The auction house revealed the existence of the violin in March after spending seven years verifying its authenticity after it surfaced in 2006.
Hartley and his fellow band members are often depicted in films as playing their instruments to calm frightened passengers until the end.
"The violin without a doubt is the most iconic piece that has been recovered [from the Titanic], including the crow's nest bell," Craig Sopin, a collector, said. "Almost every survivor talked about Wallace playing until the end.
"So here's this violin that calmed passengers getting off the ship, but it's also the very instrument they danced to earlier in the voyage," Sopin continued. "I truly don't believe there would have been as many survivors without him."
Sopin, an attorney in Philadelphia, is a leading expert on the ship and owns a large collection of artifacts. He is one of the experts that studied the violin, along with forensic scientists, and he is convinced that it is the authentic violin that belonged to Hartley.
Steve Turner, a music journalist, was finishing a book, "That Band That Played On: The Extraordinary Story of the 8 Musicians Who Went Down with the Titanic," when he learned about the violin's existence.
"I thought it was either an elaborate hoax or the real thing," Turner said in an interview. "There was just so much detail.
"Someone would have had to know so much," Turner added.
After Hartley's body was recovered on April 25, 1912, 10 days after the ship went down, newspaper accounts reported that the violin was in a case strapped to his body.
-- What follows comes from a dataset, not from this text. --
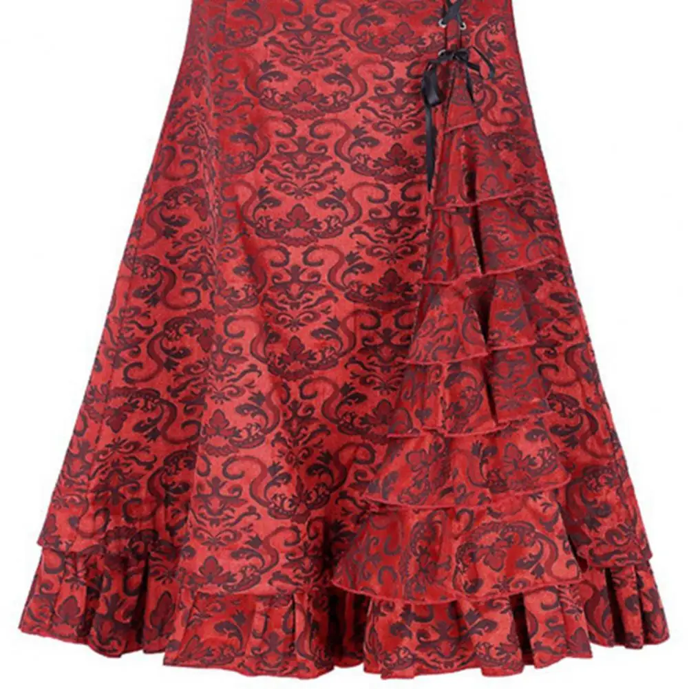 Женские длинные юбки на Хэллоуин, юбка с высокой талией, Жаккардовая юбка-годе, Женская винтажная облегающая юбка в стиле панк с оборками для фестиваля

"My son was a good swimmer, but I know he would die clasping his violin," his mother was quoted as saying. "He was passionately attached to his instrument."
The violin was returned to his fiancé, according to the auction house, where it took a route that included a stop at the Salvation Army. The current owner has not been named.
The Titanic Museum Attractions are the creation of John Joslyn and his wife, Mary Kellogg Joslyn. The Pigeon Forge Museum was opened in 2006, followed by the Branson location in 2010.
The violin played by Wallace Hartley will be displayed in the Titanic Museum in Tennessee.